Task prompt — Return the lines of the data below starting at the one holding "Lực lượng Công" and ending at the one holding "สรุปผลวัว หยีใน วันที่ 2 ธันวาคม 2568", word for word, leaving every picture out.

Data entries
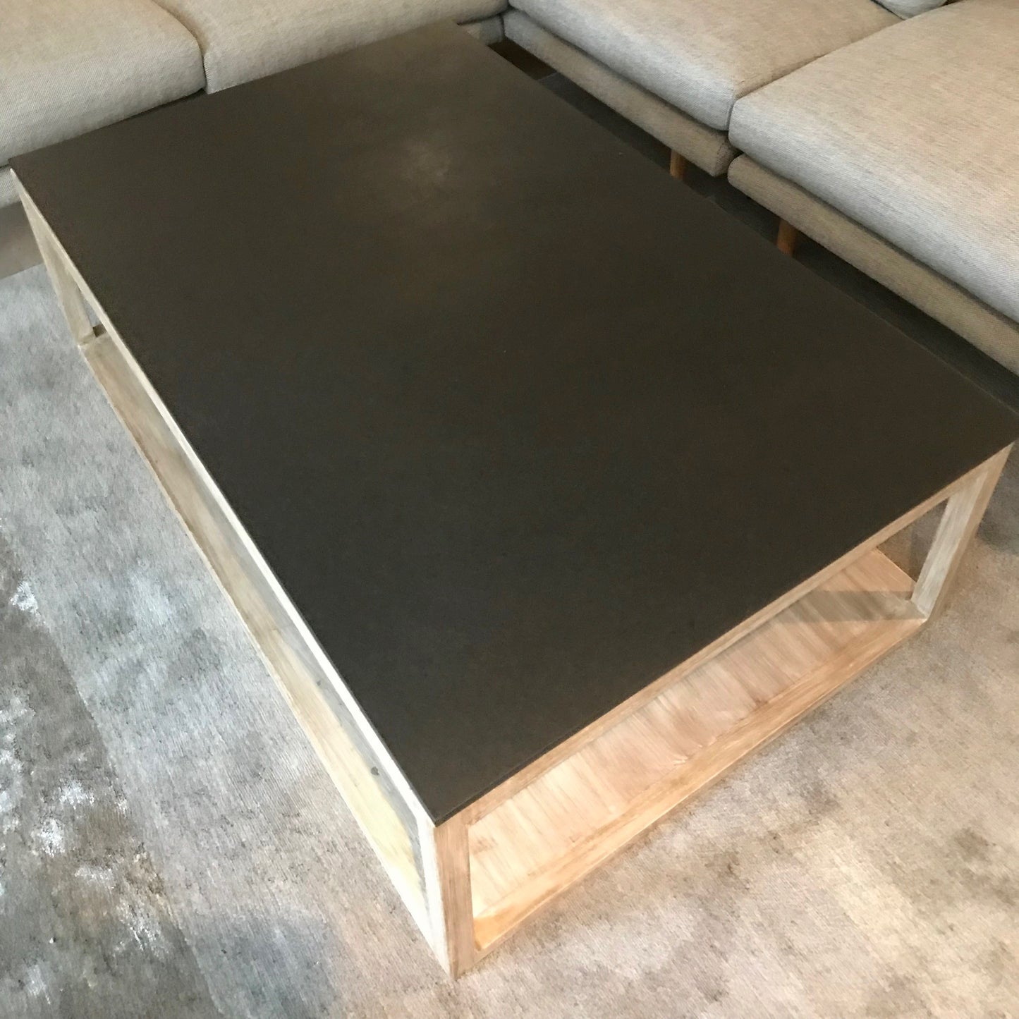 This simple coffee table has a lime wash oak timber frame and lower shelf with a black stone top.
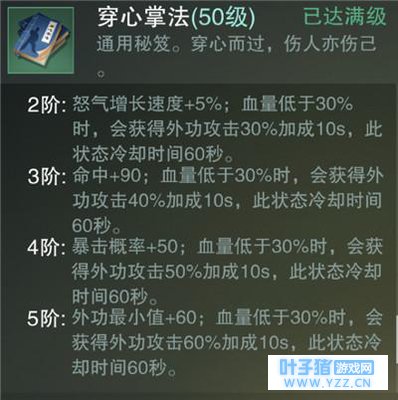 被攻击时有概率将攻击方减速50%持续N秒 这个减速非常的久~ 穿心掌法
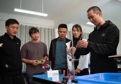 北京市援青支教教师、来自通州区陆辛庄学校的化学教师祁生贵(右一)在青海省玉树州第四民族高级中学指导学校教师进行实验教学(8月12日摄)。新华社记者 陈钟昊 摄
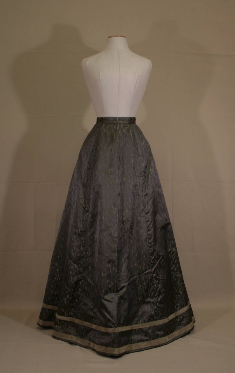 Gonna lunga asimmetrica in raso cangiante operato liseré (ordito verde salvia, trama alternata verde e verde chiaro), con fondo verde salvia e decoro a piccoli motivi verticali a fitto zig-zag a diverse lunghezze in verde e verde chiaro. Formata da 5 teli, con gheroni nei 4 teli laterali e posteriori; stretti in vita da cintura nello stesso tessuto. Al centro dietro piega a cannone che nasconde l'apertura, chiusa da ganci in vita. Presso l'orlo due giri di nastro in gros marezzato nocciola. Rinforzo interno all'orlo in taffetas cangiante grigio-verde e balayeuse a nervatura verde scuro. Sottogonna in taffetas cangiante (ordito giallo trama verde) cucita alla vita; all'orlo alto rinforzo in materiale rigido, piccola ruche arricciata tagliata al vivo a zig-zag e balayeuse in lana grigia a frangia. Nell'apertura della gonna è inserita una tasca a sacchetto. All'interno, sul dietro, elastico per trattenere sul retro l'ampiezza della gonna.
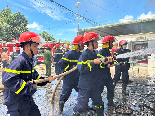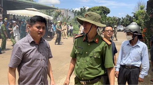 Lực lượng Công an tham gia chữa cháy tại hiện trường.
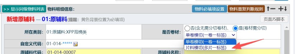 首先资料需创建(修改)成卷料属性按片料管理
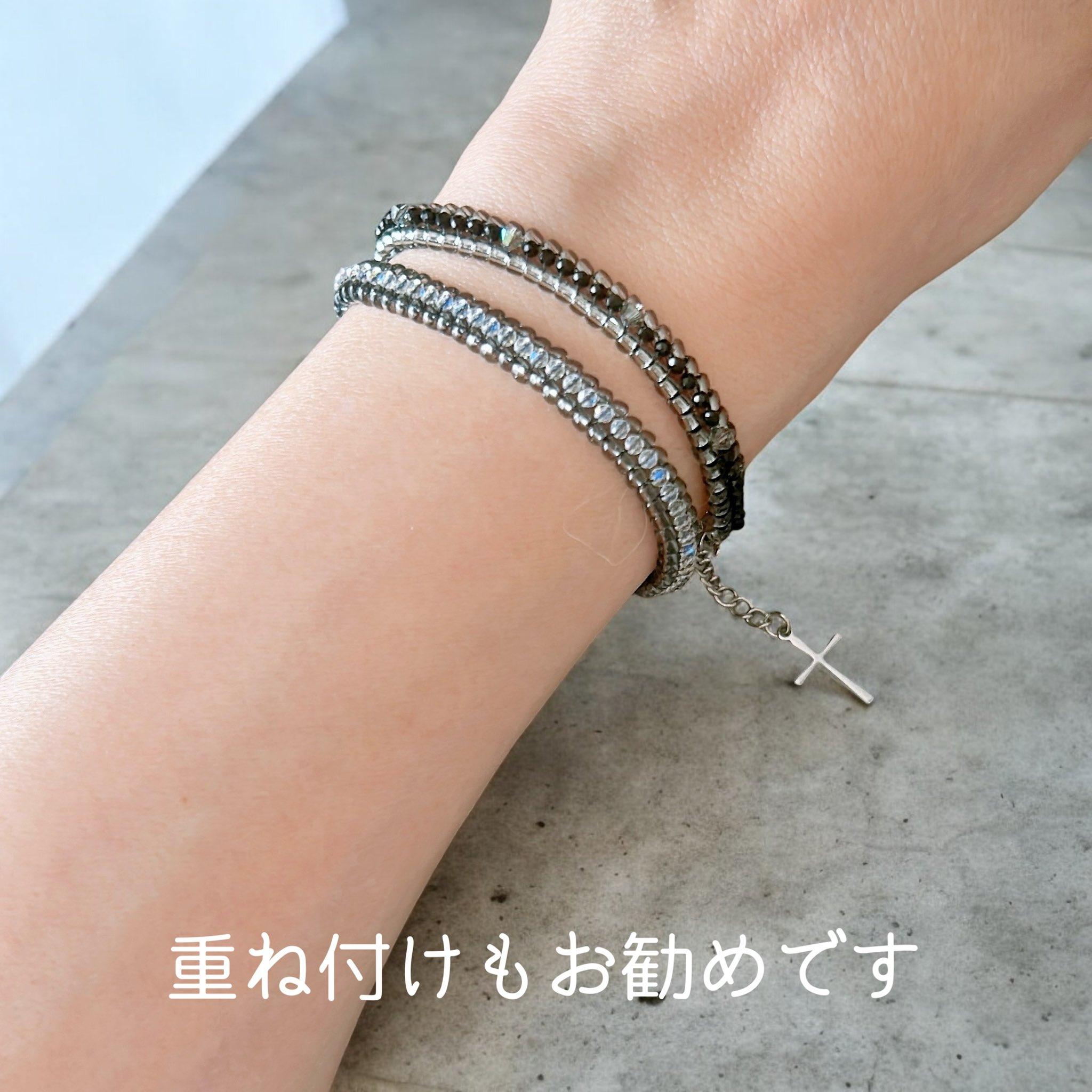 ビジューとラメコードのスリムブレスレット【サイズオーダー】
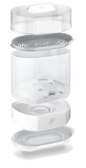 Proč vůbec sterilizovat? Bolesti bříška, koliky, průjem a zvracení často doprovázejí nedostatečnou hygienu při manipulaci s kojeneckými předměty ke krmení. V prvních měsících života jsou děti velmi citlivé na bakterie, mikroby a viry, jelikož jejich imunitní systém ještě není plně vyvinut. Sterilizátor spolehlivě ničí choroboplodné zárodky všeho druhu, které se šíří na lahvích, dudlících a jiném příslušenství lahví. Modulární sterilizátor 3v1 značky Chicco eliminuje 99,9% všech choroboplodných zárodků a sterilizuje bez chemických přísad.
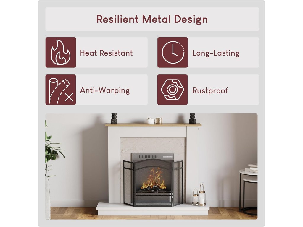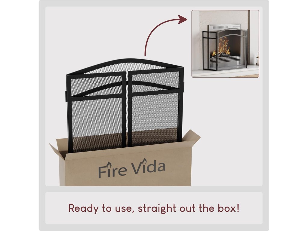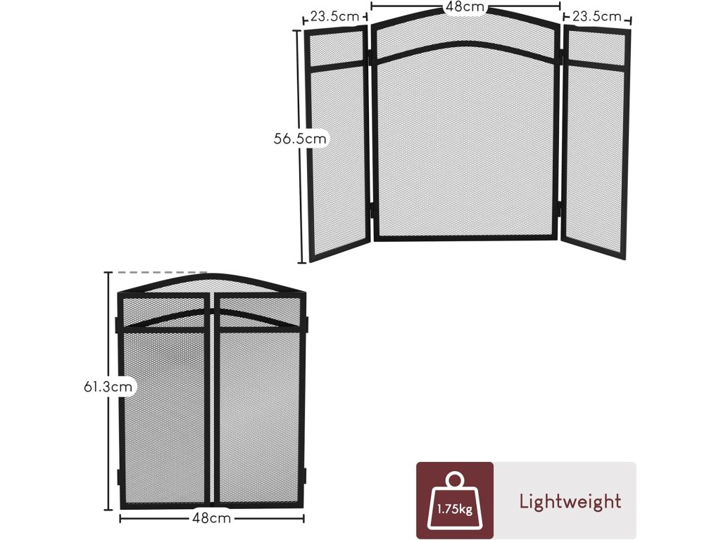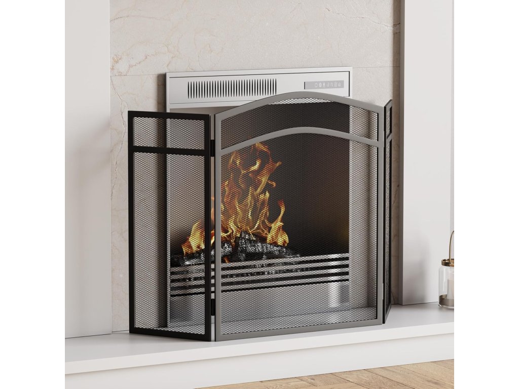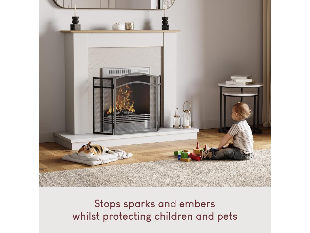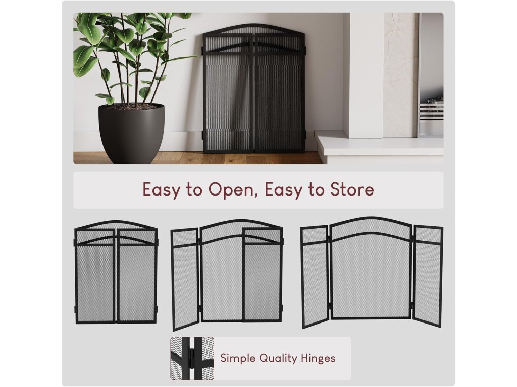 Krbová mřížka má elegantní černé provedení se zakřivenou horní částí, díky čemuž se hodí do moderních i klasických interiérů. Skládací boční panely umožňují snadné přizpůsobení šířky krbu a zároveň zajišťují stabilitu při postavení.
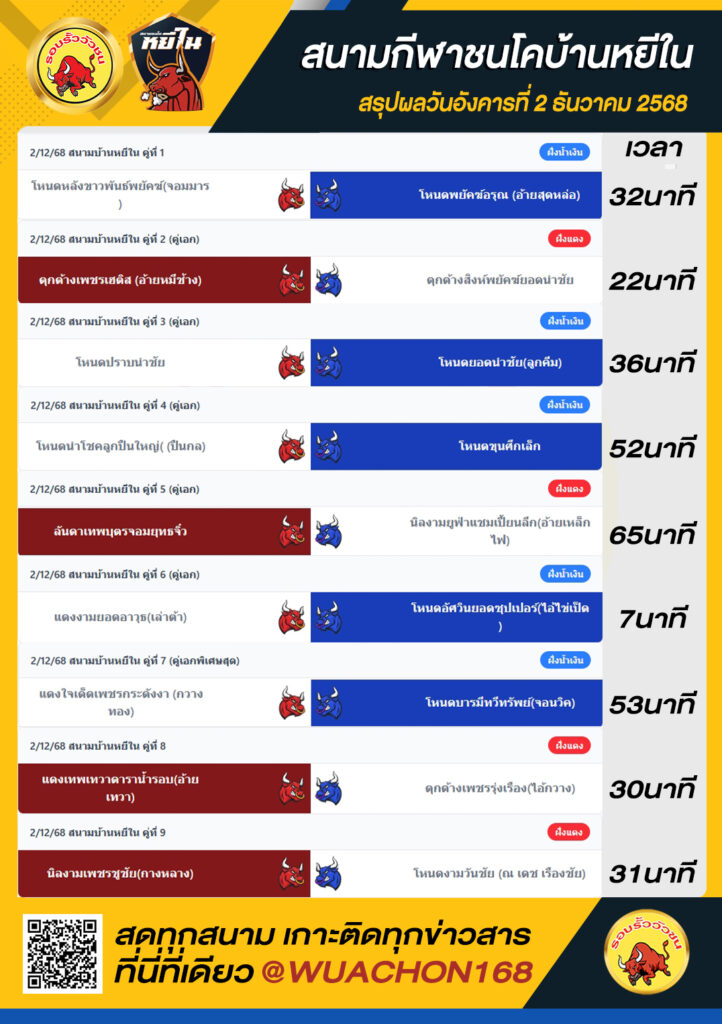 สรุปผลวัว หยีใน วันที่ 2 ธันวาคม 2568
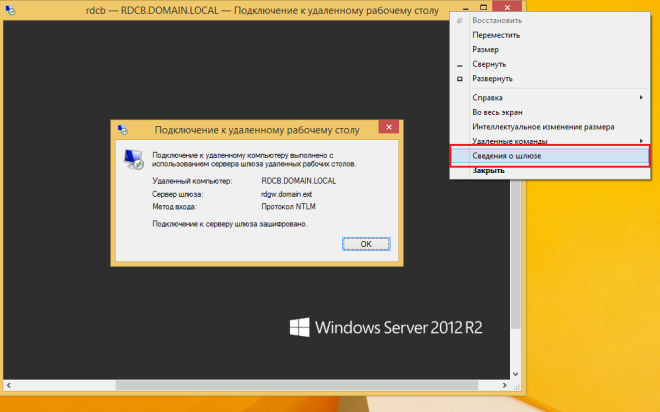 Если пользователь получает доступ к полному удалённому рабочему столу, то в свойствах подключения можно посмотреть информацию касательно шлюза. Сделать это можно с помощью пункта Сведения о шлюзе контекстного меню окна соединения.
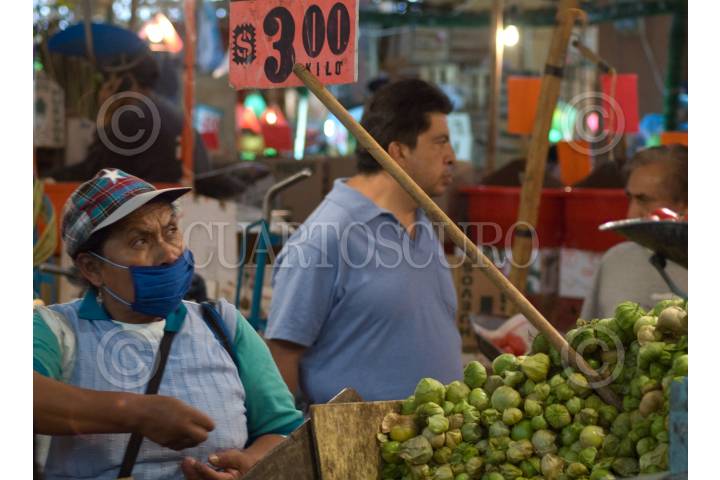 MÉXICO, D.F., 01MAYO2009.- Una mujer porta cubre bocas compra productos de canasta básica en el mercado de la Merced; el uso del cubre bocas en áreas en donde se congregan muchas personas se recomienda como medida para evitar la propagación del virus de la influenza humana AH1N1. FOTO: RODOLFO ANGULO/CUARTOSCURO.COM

Reply —
 Lực lượng Công an tham gia chữa cháy tại hiện trường.
 首先资料需创建(修改)成卷料属性按片料管理
 ビジューとラメコードのスリムブレスレット【サイズオーダー】
 Proč vůbec sterilizovat? Bolesti bříška, koliky, průjem a zvracení často doprovázejí nedostatečnou hygienu při manipulaci s kojeneckými předměty ke krmení. V prvních měsících života jsou děti velmi citlivé na bakterie, mikroby a viry, jelikož jejich imunitní systém ještě není plně vyvinut. Sterilizátor spolehlivě ničí choroboplodné zárodky všeho druhu, které se šíří na lahvích, dudlících a jiném příslušenství lahví. Modulární sterilizátor 3v1 značky Chicco eliminuje 99,9% všech choroboplodných zárodků a sterilizuje bez chemických přísad.
 Krbová mřížka má elegantní černé provedení se zakřivenou horní částí, díky čemuž se hodí do moderních i klasických interiérů. Skládací boční panely umožňují snadné přizpůsobení šířky krbu a zároveň zajišťují stabilitu při postavení.
 สรุปผลวัว หยีใน วันที่ 2 ธันวาคม 2568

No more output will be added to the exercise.